Introduction
This is the continuation of our step-by-step guide on building your first machine learning model in Python. If you haven’t read Part 1: Data Preparation & Part 2: Model Training yet, I recommend checking them out first.
In this part, we’ll evaluate our trained model and see how well it performs. We’ll also use it to make predictions on new data.
We’ll cover:
- Evaluating the model’s performance using key metrics
- Understanding accuracy, precision, recall, and confusion matrix
- Making predictions on new data
- Recap & next steps
By the end of this part, you’ll know how to assess and use your trained model for real-world predictions.
6. Step 6: Evaluating the Model
Now that our Decision Tree model is trained, we need to evaluate its performance on unseen data. This helps us understand how well the model generalizes beyond the training set.

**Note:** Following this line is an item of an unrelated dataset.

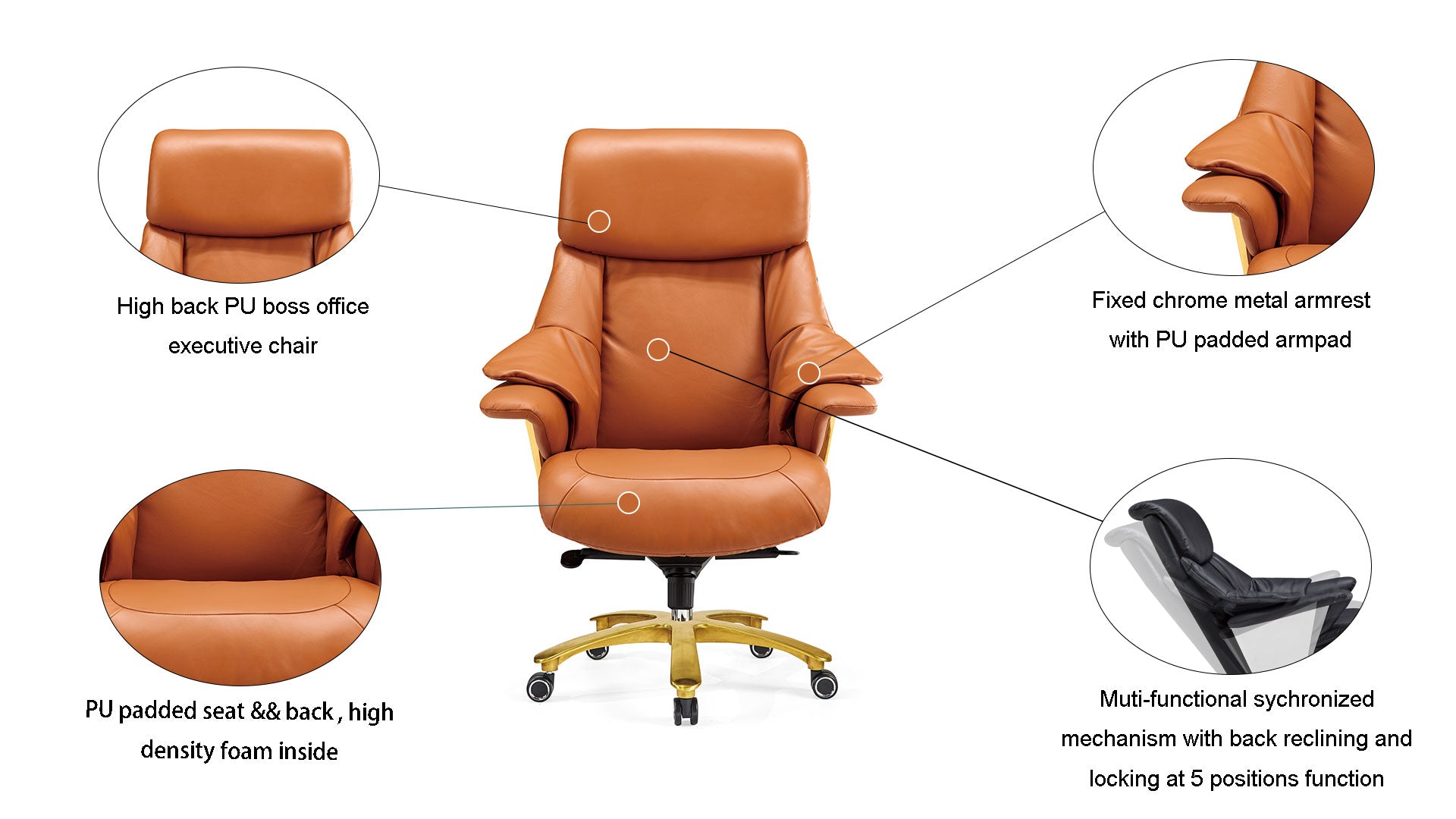 3)Muti-functional sychronized mechanism with back reclining and locking at 5 positions function

6.1 Why Do We Need to Evaluate?
- Avoid Overfitting – A model that performs perfectly on training data but fails on test data has memorized instead of learned.
- Measure Accuracy – We need to quantify how well the model classifies new samples.
- Identify Weaknesses – Some species may be harder to classify than others.
6.2 Making Predictions on the Test Set
Now that the model has learned from the training set, let’s test it on unseen samples (X_test).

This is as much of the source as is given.